Through 2015 the fund bought even more shares in the bank. At the ensuing year-end our decision didn't look much better, after the shares had fallen in a rising market.

At the beginning of 2016 we once again increased our position. At that point, the market's unease came to a climax and the stock price hit a nadir. Speculations of major lossed abounded and many feared that the bank would not be able to fulfil its new capital adequacy requirements.

Never catch a falling knife, the saying goes

And yet we did just that. Why? 

The clue here is the margin of safety.
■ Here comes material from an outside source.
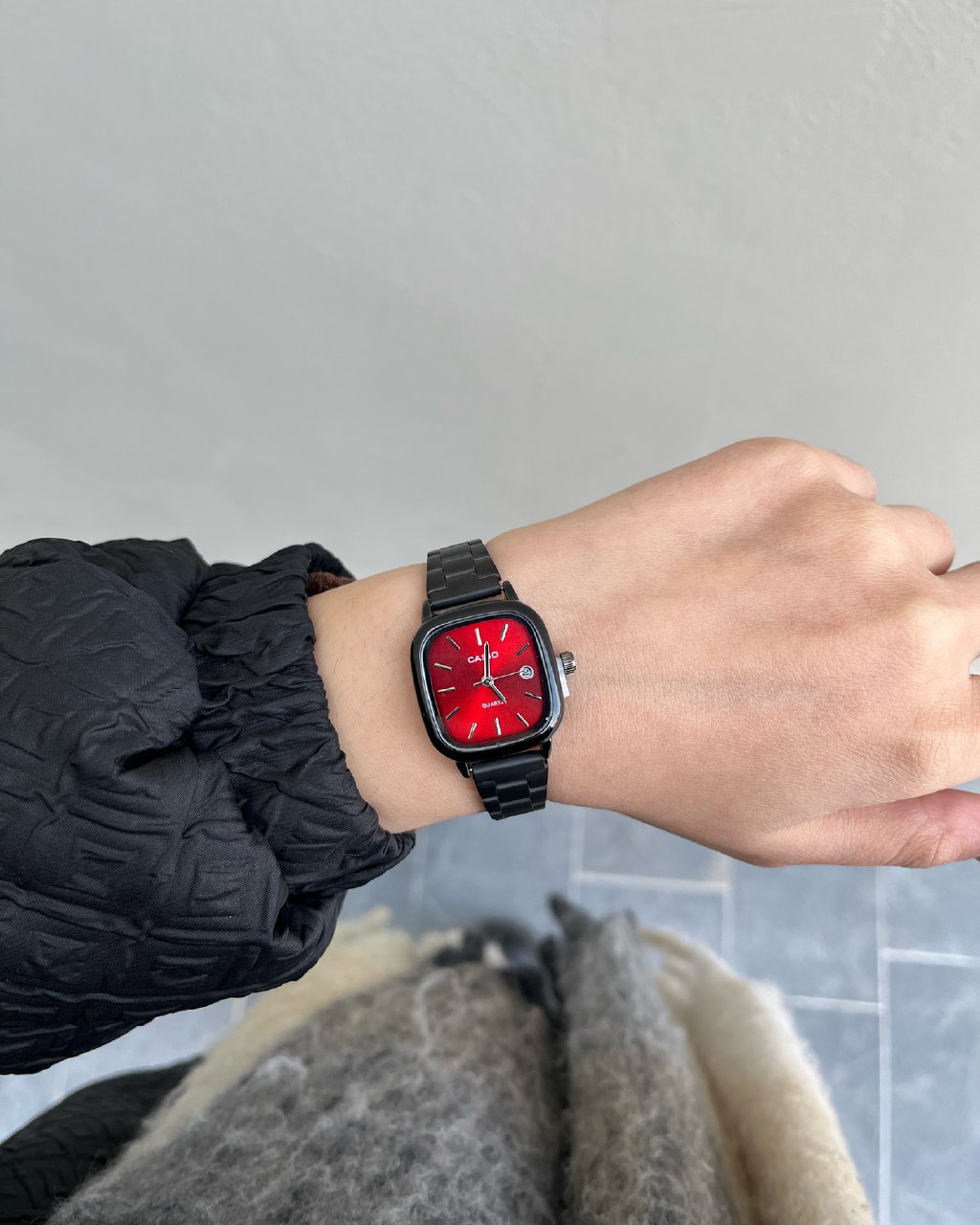 این ست زیبا با طراحی هماهنگ و خاص، انتخابی فوقالعاده برای زوجهاییست که به استایل کلاسیک و شیک اهمیت میدهند. ترکیب رنگ مشکی با صفحهی زرشکی براق جلوهای خاص و مدرن به این مدل داده. هر دو ساعت دارای موتور کوارتز دقیق و نمایشگر تاریخ هستند. مناسب برای استفاده روزمره یا هدیهای خاص و ماندگار.
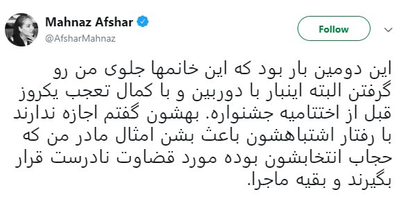 مهناز افشار در واکنش به ویدئویی از او که با عنوان امر به معروف یک سلبریتی در فضای مجازی منتشر شده است، در توییتی نوشت: «این دومین بار بود که این خانمها جلوی من رو گرفتن البته این بار با دوربین و با کمال تعجب یکروز قبل از اختتامیه جشنواره. بهشون گفتم اجازه ندارند با رفتار اشتباهشون باعث بشن امثال مادر من که حجاب انتخابشون بوده مورد قضاوت نادرست قرار بگیرند و بقیه ماجرا.»

As we topped up on SR-Bank shares, they were priced at just 60 per cent of shareholders' equity and below seven times likely earnings per share. In our estimation the bank could absorb major losses and still appear cheap.

Kontor SR-Bank. Foto: SpareBank 1 SR-Bank
Photo: SpareBank 1 SR-Bank

We had made a thorough job analysing the bank – and we patiently trusted our own analyses even when the market indicated we had got it totally wrong.

And then things changed. In both 2016 and 2017 SR-Bank was one of the definite stock market stars. At the end of 2017 the share price had almost tripled in less than two years. The solid safety of margin finally trumped shortterm misgivings.

 

The article is an excerpt from our 2017 Annual report.

Historical returns are no guarantee for future returns. Future returns will depend, inter alia, on, market developments, the portfolio manager's skill, the fund's risk profile, as well as fees for subscription, management and redemption. Returns may become negative as a result of negative price developments.